Fast forward to the 1990s, when employers were more demanding but still ‘treasured’ staff by giving more bonuses if profits were good and implemented pay freezes only if business was poor.

But the new millennium 2000 has changed the working landscape and working 24/7 for one’s employer is the norm, with retrenchment and hire-and-fire rampant. Forget recreation and family-life activities which the Government has advocated to increase the population.

Many baby-boomers born in the 1950s and 1960s are non-graduates but worked their way to the top through sheer determination and hard work. Many were managers or heads of department, managing younger colleagues who were graduates. However, due to the recent global downturn, many have lost their jobs and are unable to find meaningful employment because of their lack of paper qualifications.

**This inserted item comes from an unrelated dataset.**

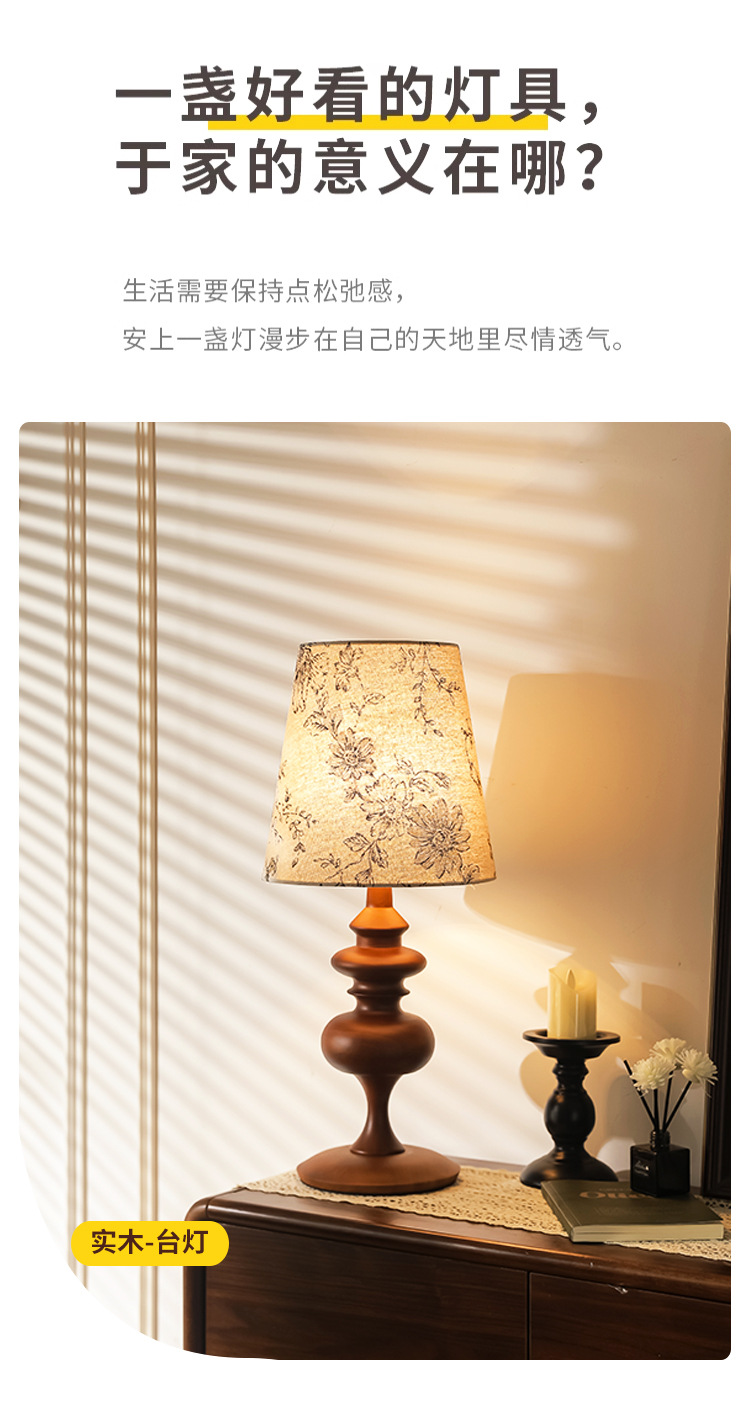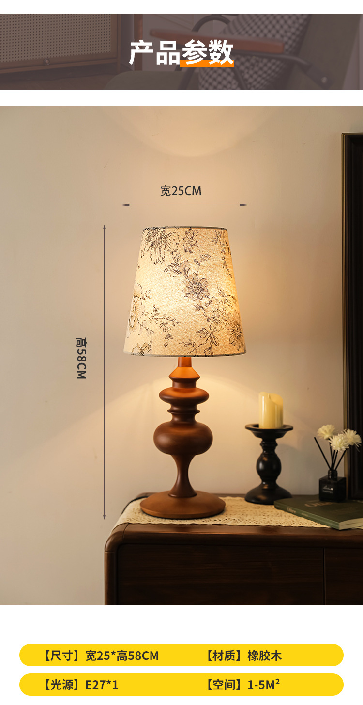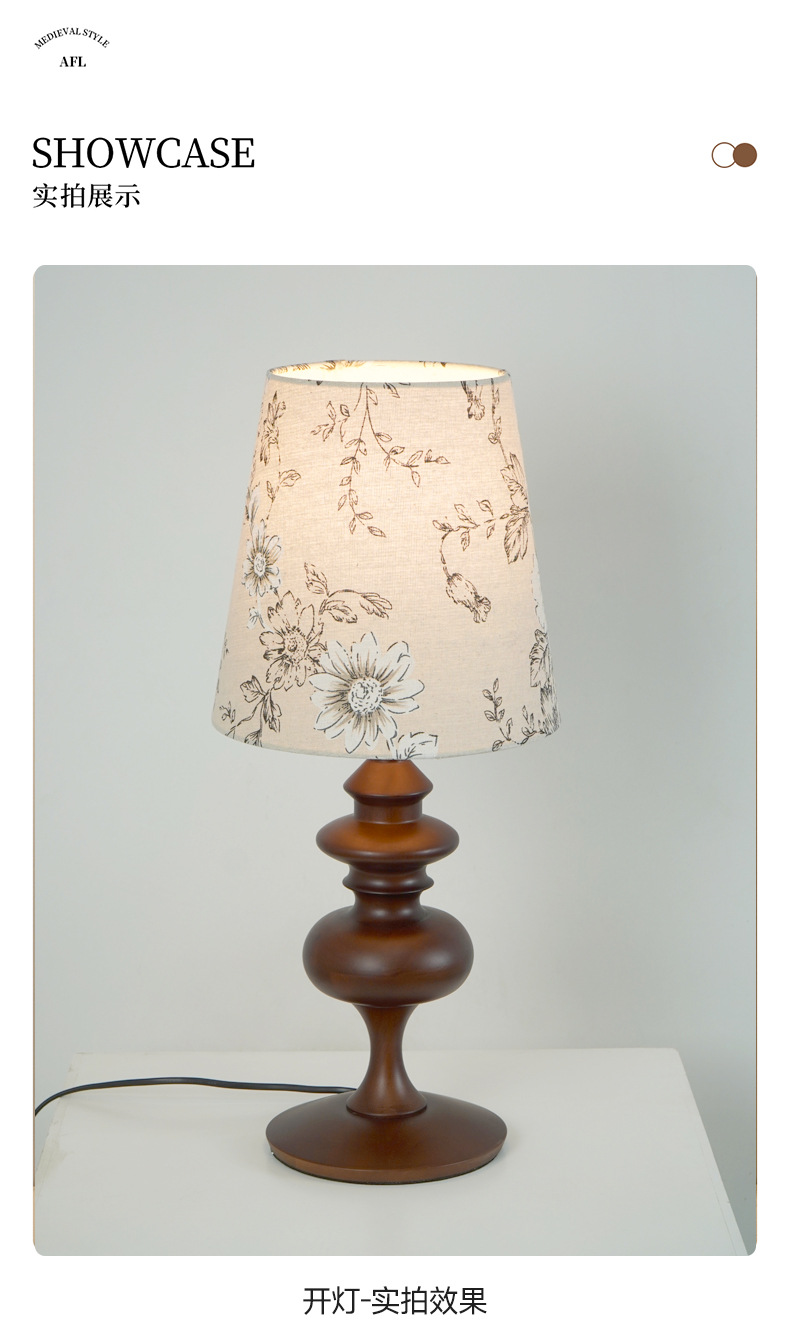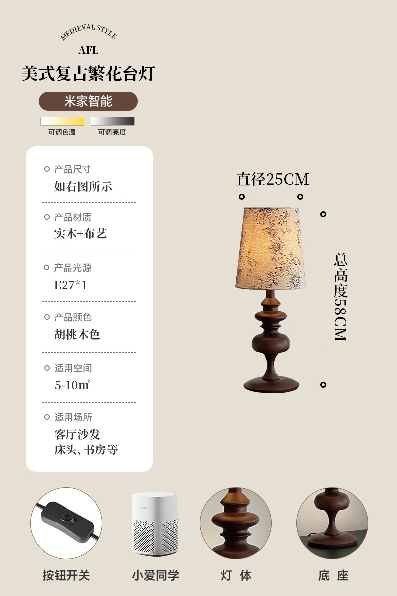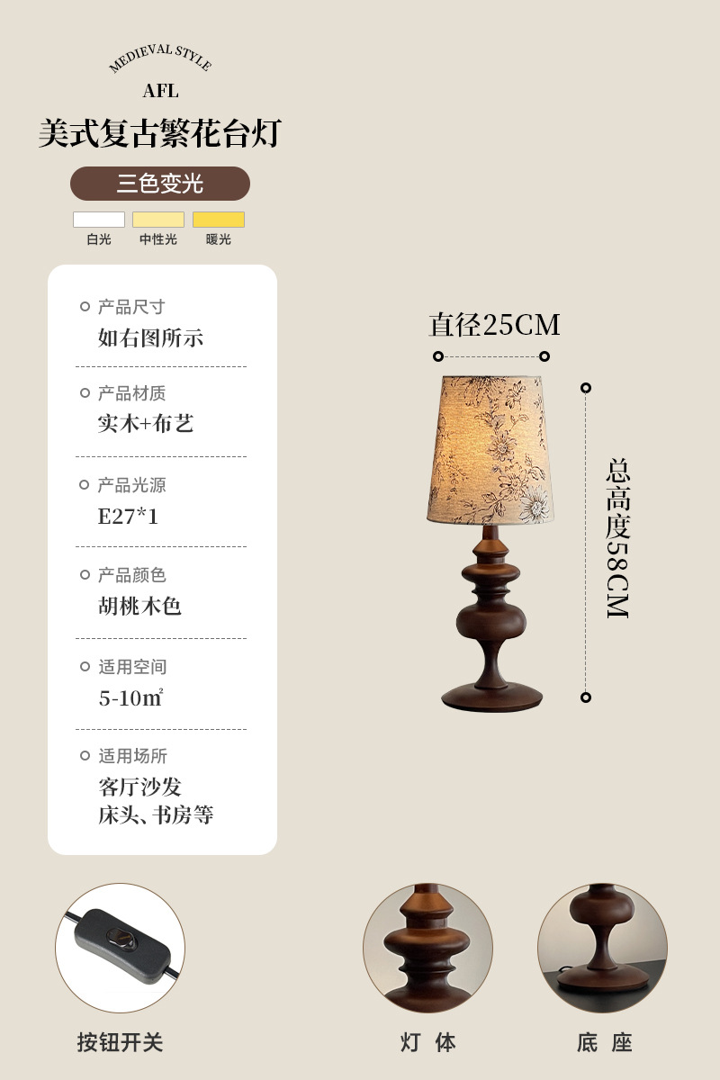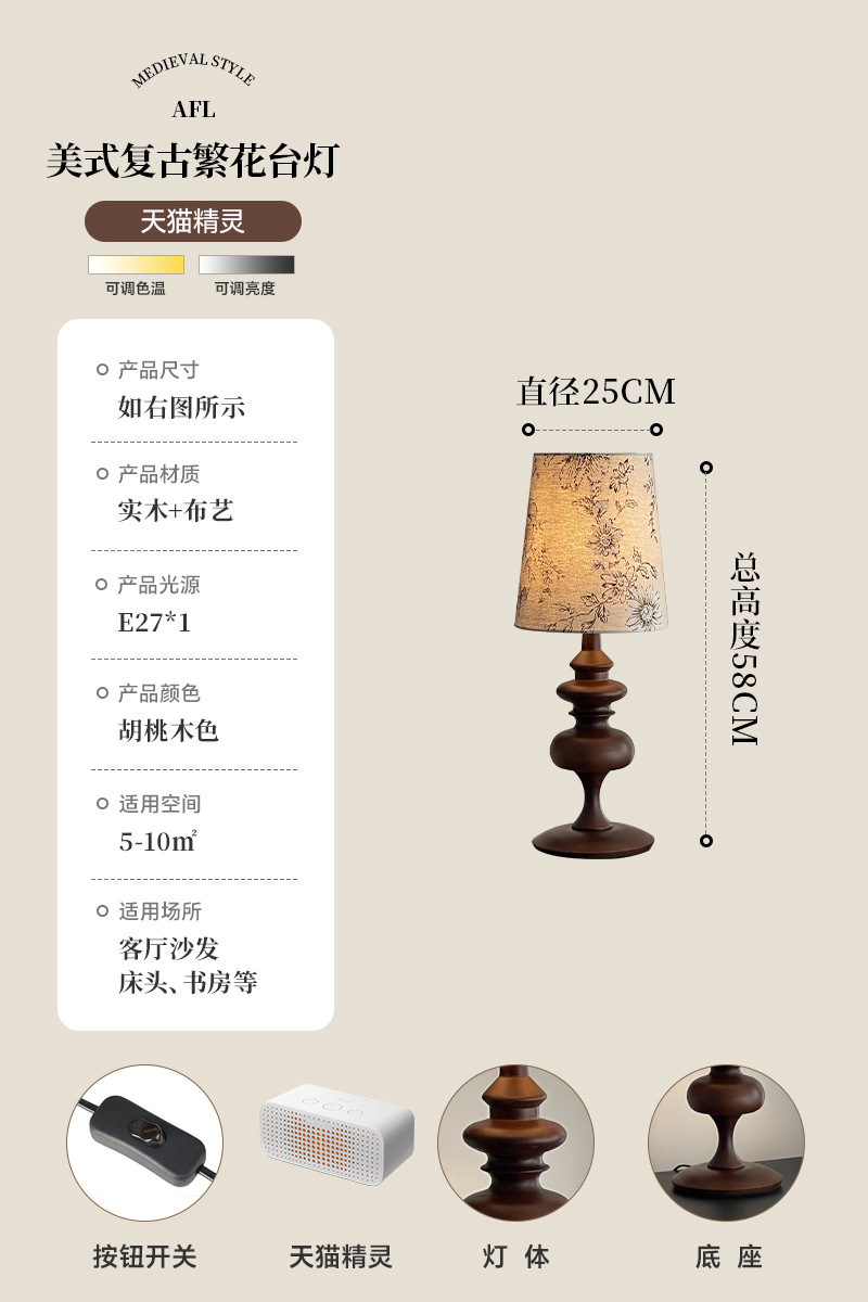 프랑스 레트로 패브릭 테이블 램프 침대 옆 하이 엔드 센스 인스 타 그램 스타일 빛 럭셔리 중동 고대 침실 솔리드 우드 장식 분위기 테이블 램프스토어 가기

I had worked in the financial sector for the past 30 years and was retrenched in November last year. Because I am a non-degree holder, I have not been successful in my job search. Can someone without a degree with more than 20 years’ experience be inferior to fresh graduates or graduates with less work experience?

My sister, who emigrated to Canada more than 20 years ago, is urging me to migrate there with my family as she feels my experience will be an asset.

However, I would still like to call Singapore home and would not consider emigrating unless life is really so unbearable for older people in the 45-55 age group.

How can someone who earned more than $10,000 a month less than a year ago with over 20 years’ work experience suddenly be unable to find a job, even if he is prepared to take a 50 to 70 per cent pay cut? Why don’t employers look at one’s transferable skills, rather than a piece of paper that says you are a graduate?